# [WHAT YOU SHOULD DO]
Copy out exactly the lines spanning the line with "Siri ! 10分後にタイマーかけて」" to the line with "ผ้ากำมะหยี่ สำหรับงานปาร์ตี้หรูหรา งานแต่งงาน", inclusive, from the data underneath, with no pictures.

# [LISTED RECORDS]
◇ ◇ ◇ ◇
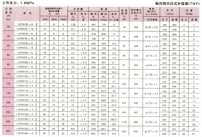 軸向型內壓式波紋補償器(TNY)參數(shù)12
◇ ◇ ◇ ◇
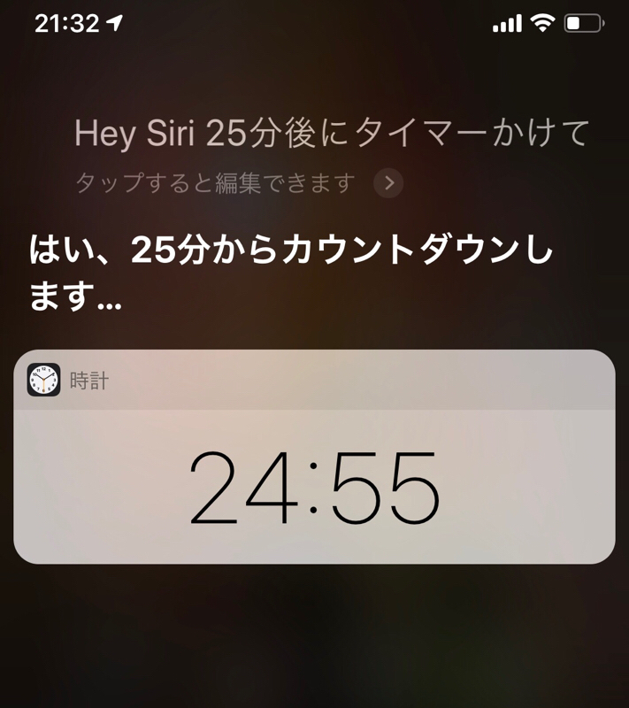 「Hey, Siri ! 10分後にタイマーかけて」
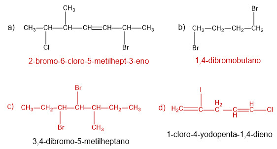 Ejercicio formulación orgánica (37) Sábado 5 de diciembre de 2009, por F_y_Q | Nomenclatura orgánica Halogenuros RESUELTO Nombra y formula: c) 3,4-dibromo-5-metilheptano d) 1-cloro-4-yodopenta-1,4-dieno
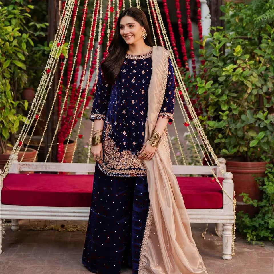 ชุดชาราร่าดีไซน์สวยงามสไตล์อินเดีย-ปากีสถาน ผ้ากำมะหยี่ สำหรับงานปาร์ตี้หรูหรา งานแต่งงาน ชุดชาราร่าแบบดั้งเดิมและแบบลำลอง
◇ ◇ ◇ ◇
# [EXERCISE RESULT]
 「Hey, Siri ! 10分後にタイマーかけて」
 Ejercicio formulación orgánica (37) Sábado 5 de diciembre de 2009, por F_y_Q | Nomenclatura orgánica Halogenuros RESUELTO Nombra y formula: c) 3,4-dibromo-5-metilheptano d) 1-cloro-4-yodopenta-1,4-dieno
 ชุดชาราร่าดีไซน์สวยงามสไตล์อินเดีย-ปากีสถาน ผ้ากำมะหยี่ สำหรับงานปาร์ตี้หรูหรา งานแต่งงาน ชุดชาราร่าแบบดั้งเดิมและแบบลำลอง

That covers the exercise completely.